Midterm studies of AVR with cryopreserved aortic valve allografts have shown encouraging results. ^4,5 This study was undertaken to examine the long-term results of cryopreserved aortic allograft valves in the aortic position.

Methods

Patient selection.
One hundred seventeen patients underwent AVR with a cryopreserved aortic allograft between July 23, 1985, and August 5, 1996, at LDS Hospital, Salt Lake City, Utah. The group comprised 100 male and 17 female patients; mean age was 45.6 years (range 15 to 83 years). Patient demographics stratified according to implant technique are summarized in Table I.One patient required rereplacement with a second allograft for a total of 118 valve replacements. Indications for AVR with a cryopreserved aortic allograft were similar to those for any patient requiring valve replacement for aortic valve disease, so that any patient requiring AVR was considered for inclusion in the study. Cryopreserved valves, however, are a limited resource, and many more prosthetic valves than allografts were used for AVR during the study period.

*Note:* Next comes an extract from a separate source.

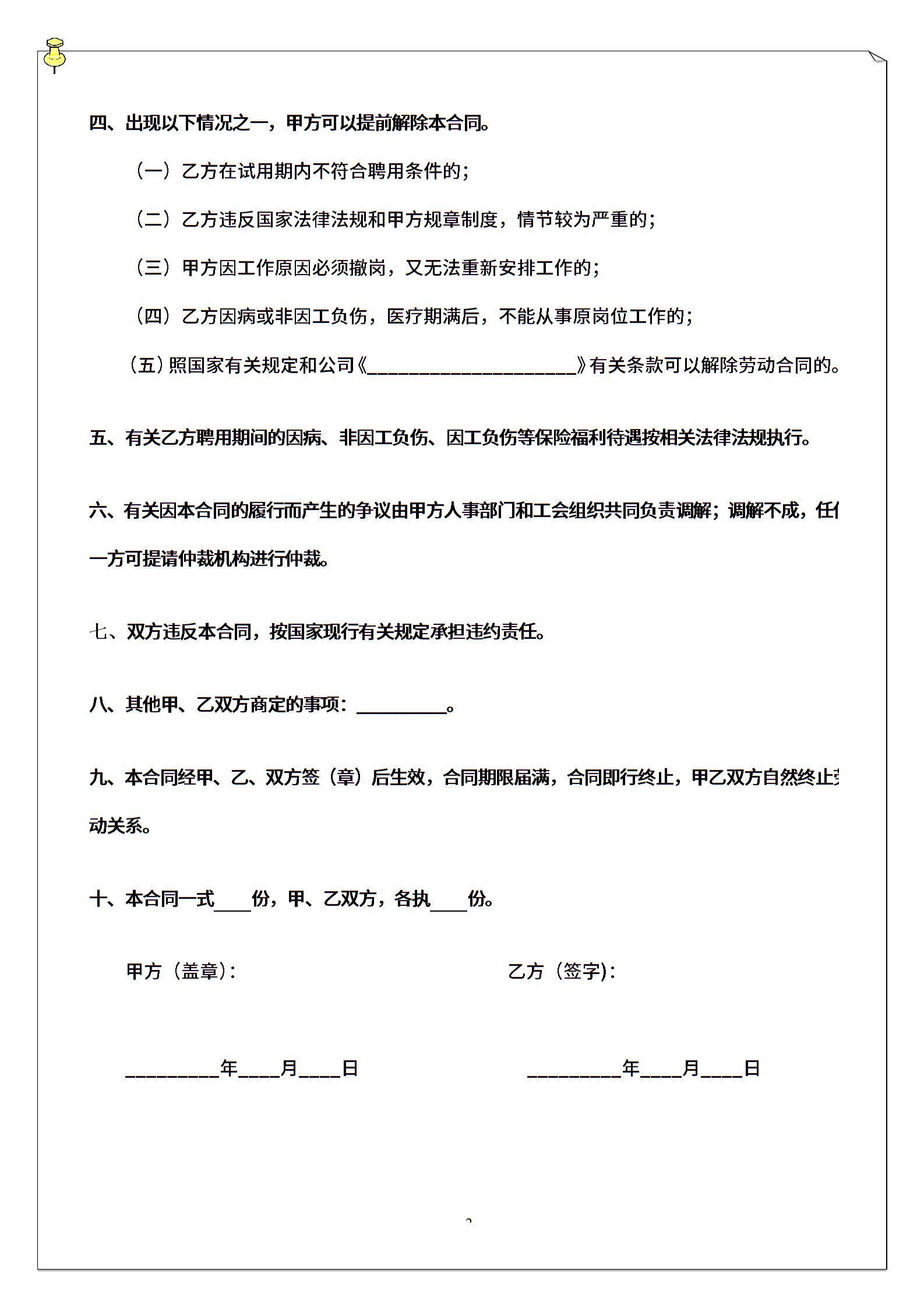 • 分类 聘用合同

The cryopreserved valve, however, was preferentially used in patients with active bacterial endocarditis, in patients with contraindications for anticoagulation, and in patients less than 55 years of age. No patient was excluded on the basis of age at operation, root deformity, heavy valve calcification, sinus enlargement, or prior aortic valve surgery. Coronary artery bypass, mitral valve repair, or other concomitant procedures were performed as indicated. No form of anticoagulation was used after the operation in any patient. Patients were followed up prospectively and assessed for valve function and clinical status from the time of the operation until the current study closing date of February 1, 1997.

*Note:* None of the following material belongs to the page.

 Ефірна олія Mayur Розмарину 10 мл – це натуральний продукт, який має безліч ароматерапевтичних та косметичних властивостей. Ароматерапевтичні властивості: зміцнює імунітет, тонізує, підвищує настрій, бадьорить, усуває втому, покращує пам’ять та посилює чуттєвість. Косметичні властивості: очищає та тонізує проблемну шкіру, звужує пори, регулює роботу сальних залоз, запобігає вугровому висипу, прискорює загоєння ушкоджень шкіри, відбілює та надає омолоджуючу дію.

Allograft valve preservation.
Aortic valve allografts were obtained within 12 hours of donor death by means of standard, sterile technique by personnel trained by the transplant organ procurement organization. All allografts underwent processing and cryopreservation by Cryolife, Inc. (Kennesaw, Ga.). The allograft was thawed before implantation, according to protocol.

Operative technique.
The methods of allograft valve implantation used in this series are described below. The freehand 120-degree rotation technique was initially used in all patients, but its use was gradually limited to patients with a small, symmetric aortic root and primarily aortic valve stenosis. Valve implantation using the freehand intact noncoronary sinus was later used in most patients and especially in those with a larger aortic root and aortic valve incompetence. The root enlargement technique was used in patients with accompanying subvalvular obstruction or who required a larger valve than the native root would accommodate. The total root replacement technique was used in patients with gross deformity, infection, or complete destruction of the aortic root. A root inclusion ("mini-root") technique was used in only one patient because of our bias against the inclusion of excessive allograft aorta within the native aorta.

Freehand 120-degree rotation AVR.
The freehand 120-degree rotation AVR technique was performed in 40 patients (34%). After the institution of cardiopulmonary bypass and aortic occlusion, a transverse aortotomy is made and extended into the noncoronary sinus. The diseased valve is excised and an aortic allograft is selected with an internal diameter approximately 2 mm less than the measured aortic anulus. Septal myocardium and the anterior leaflet are removed from the allograft, leaving a 3 to 4 mm rim below the lowest point of valve cusp attachment. Aortic tissue is removed from all three sinuses to leave a 3 to 4 mm margin for suture placement.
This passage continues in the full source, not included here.